## DATA SECTION:
++++

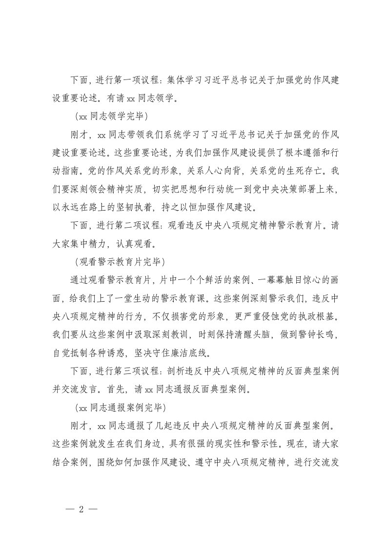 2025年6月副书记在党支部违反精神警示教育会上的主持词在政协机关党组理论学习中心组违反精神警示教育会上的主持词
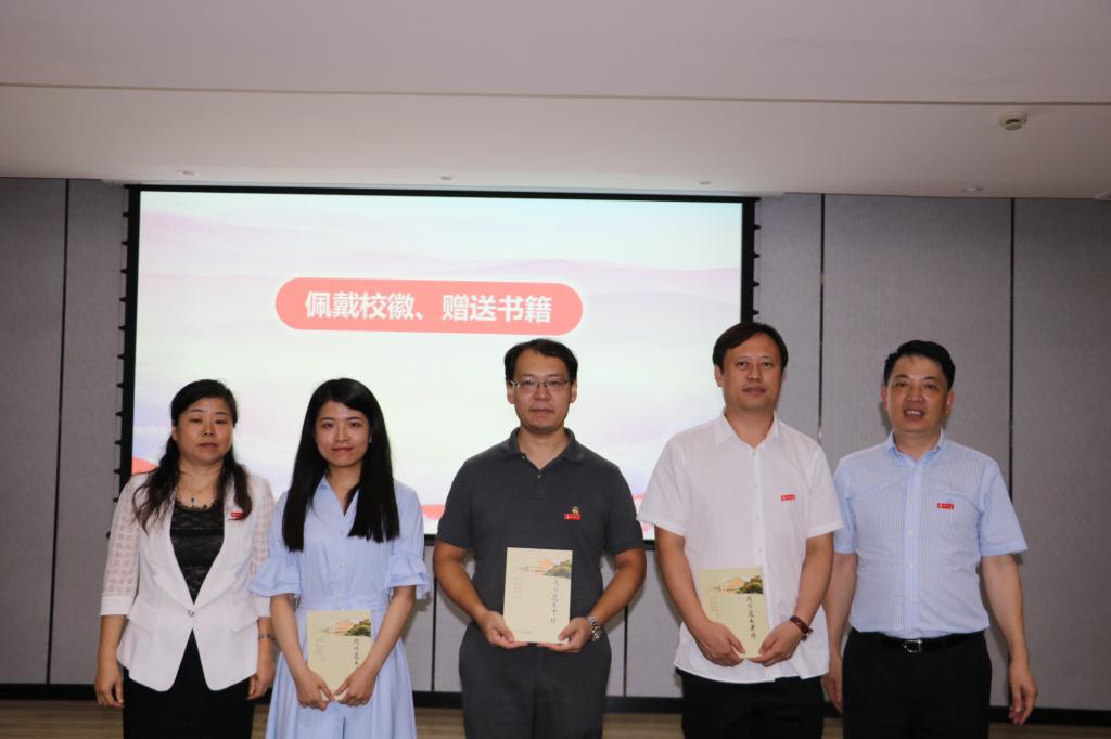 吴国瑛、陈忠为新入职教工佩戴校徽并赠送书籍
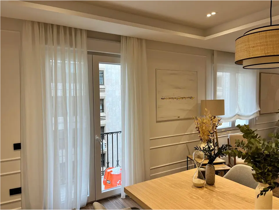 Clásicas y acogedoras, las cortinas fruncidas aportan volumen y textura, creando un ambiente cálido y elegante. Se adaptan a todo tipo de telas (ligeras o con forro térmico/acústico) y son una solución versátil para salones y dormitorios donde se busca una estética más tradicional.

++++

## WHAT YOU SHOULD DO:
Give the preceding data back exactly, minus every picture.

## RESULT OF THIS TASK:
 2025年6月副书记在党支部违反精神警示教育会上的主持词在政协机关党组理论学习中心组违反精神警示教育会上的主持词
 吴国瑛、陈忠为新入职教工佩戴校徽并赠送书籍
 Clásicas y acogedoras, las cortinas fruncidas aportan volumen y textura, creando un ambiente cálido y elegante. Se adaptan a todo tipo de telas (ligeras o con forro térmico/acústico) y son una solución versátil para salones y dormitorios donde se busca una estética más tradicional.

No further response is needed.